> **Exercise prompt**
For the data that follows, print the line with "哥伦比亚在世预赛已经遭遇3连", the line with "An exclusive holiday", and all lines between them, exactly as they stand. Omit pictures and add nothing.

> **Exercise input**
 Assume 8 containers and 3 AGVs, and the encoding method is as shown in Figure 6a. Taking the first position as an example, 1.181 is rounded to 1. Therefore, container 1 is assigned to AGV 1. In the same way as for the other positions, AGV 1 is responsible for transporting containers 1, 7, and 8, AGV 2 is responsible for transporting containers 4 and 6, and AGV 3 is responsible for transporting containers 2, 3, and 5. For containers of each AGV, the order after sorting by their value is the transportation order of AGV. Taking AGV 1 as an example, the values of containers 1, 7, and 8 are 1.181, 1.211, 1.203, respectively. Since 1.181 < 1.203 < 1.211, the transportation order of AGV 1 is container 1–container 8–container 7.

==

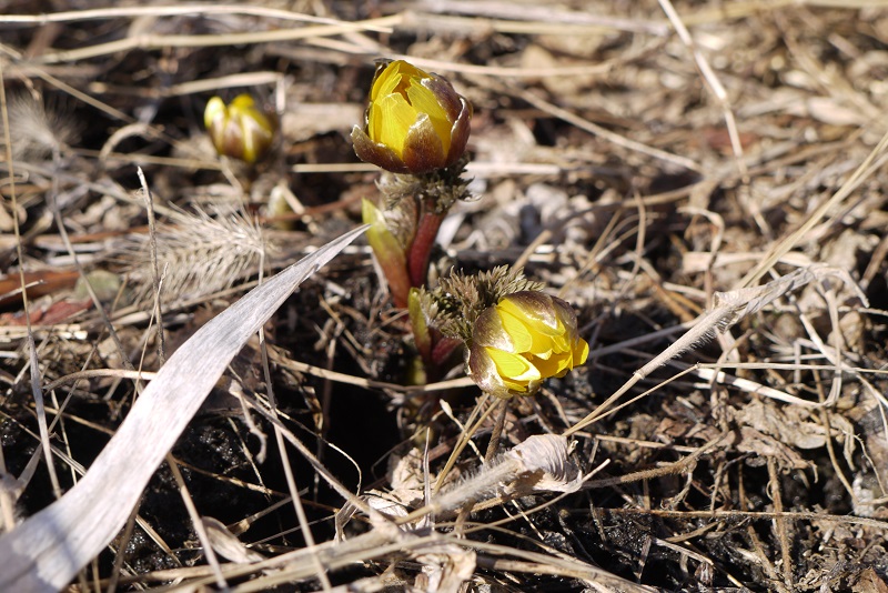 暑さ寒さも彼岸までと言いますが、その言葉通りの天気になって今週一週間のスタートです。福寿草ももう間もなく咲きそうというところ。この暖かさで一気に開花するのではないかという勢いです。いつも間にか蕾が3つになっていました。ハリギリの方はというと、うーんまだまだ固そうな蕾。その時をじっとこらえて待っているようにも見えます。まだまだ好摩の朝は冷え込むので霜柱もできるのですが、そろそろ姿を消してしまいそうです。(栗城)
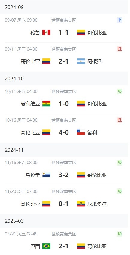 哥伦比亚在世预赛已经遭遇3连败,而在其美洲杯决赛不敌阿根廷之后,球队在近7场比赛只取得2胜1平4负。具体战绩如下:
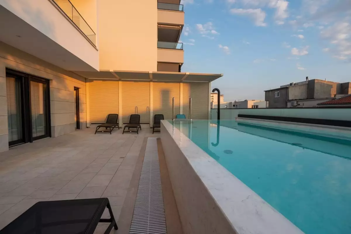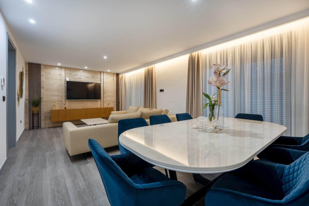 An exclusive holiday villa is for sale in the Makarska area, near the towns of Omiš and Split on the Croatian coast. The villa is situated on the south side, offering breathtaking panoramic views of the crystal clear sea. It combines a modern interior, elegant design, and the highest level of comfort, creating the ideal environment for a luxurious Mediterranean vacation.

> **Problem solution**
 哥伦比亚在世预赛已经遭遇3连败,而在其美洲杯决赛不敌阿根廷之后,球队在近7场比赛只取得2胜1平4负。具体战绩如下:
 An exclusive holiday villa is for sale in the Makarska area, near the towns of Omiš and Split on the Croatian coast. The villa is situated on the south side, offering breathtaking panoramic views of the crystal clear sea. It combines a modern interior, elegant design, and the highest level of comfort, creating the ideal environment for a luxurious Mediterranean vacation.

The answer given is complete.